-- EXERCISE MATERIAL follows --

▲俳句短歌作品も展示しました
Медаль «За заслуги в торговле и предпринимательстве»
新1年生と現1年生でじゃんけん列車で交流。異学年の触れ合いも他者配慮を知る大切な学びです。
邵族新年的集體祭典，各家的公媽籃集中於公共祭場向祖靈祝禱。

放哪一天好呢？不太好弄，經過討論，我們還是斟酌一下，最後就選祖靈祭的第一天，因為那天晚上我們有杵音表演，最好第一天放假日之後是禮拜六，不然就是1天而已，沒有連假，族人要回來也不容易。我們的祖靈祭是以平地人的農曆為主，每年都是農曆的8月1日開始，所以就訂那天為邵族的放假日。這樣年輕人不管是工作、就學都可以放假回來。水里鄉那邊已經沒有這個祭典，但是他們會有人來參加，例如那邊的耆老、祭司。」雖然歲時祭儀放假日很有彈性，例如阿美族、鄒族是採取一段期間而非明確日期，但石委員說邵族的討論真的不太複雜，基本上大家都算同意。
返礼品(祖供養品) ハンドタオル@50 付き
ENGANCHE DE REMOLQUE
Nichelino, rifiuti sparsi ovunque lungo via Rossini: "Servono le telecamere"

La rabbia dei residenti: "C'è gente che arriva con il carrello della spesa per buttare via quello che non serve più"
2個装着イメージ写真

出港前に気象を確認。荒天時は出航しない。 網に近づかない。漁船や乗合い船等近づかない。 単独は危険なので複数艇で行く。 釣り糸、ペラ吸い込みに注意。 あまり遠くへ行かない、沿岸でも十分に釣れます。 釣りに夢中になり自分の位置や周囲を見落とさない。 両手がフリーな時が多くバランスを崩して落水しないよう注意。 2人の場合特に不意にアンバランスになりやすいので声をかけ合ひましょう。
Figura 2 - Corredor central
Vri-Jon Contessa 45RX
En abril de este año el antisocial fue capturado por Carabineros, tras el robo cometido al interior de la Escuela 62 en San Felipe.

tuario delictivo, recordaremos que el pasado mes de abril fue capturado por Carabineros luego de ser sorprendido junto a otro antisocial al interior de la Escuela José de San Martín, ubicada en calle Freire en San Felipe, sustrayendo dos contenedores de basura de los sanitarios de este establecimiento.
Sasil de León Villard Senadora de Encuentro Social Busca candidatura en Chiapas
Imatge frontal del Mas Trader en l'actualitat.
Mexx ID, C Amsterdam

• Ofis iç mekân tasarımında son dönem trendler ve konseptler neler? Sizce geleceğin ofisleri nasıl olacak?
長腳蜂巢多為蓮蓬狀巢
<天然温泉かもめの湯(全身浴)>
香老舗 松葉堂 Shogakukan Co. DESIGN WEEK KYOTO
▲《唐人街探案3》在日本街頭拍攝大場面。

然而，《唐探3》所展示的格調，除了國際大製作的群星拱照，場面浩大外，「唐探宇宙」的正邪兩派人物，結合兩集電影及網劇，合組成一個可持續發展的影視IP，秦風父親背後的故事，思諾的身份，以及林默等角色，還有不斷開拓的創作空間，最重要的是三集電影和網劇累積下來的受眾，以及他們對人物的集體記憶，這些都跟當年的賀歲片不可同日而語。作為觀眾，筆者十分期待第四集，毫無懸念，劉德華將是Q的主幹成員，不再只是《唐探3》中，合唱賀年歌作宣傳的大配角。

-- EXERCISE MATERIAL concluded --

*ASSIGNMENT*
Please give back only the lines between the first line of the entries and the line with "邵族新年的集體祭典，各家的公媽籃集中於公共祭場向祖靈祝禱。", both ends included, word for word.

*RESPONSE TO THE EXERCISE*
▲俳句短歌作品も展示しました
Медаль «За заслуги в торговле и предпринимательстве»
新1年生と現1年生でじゃんけん列車で交流。異学年の触れ合いも他者配慮を知る大切な学びです。
邵族新年的集體祭典，各家的公媽籃集中於公共祭場向祖靈祝禱。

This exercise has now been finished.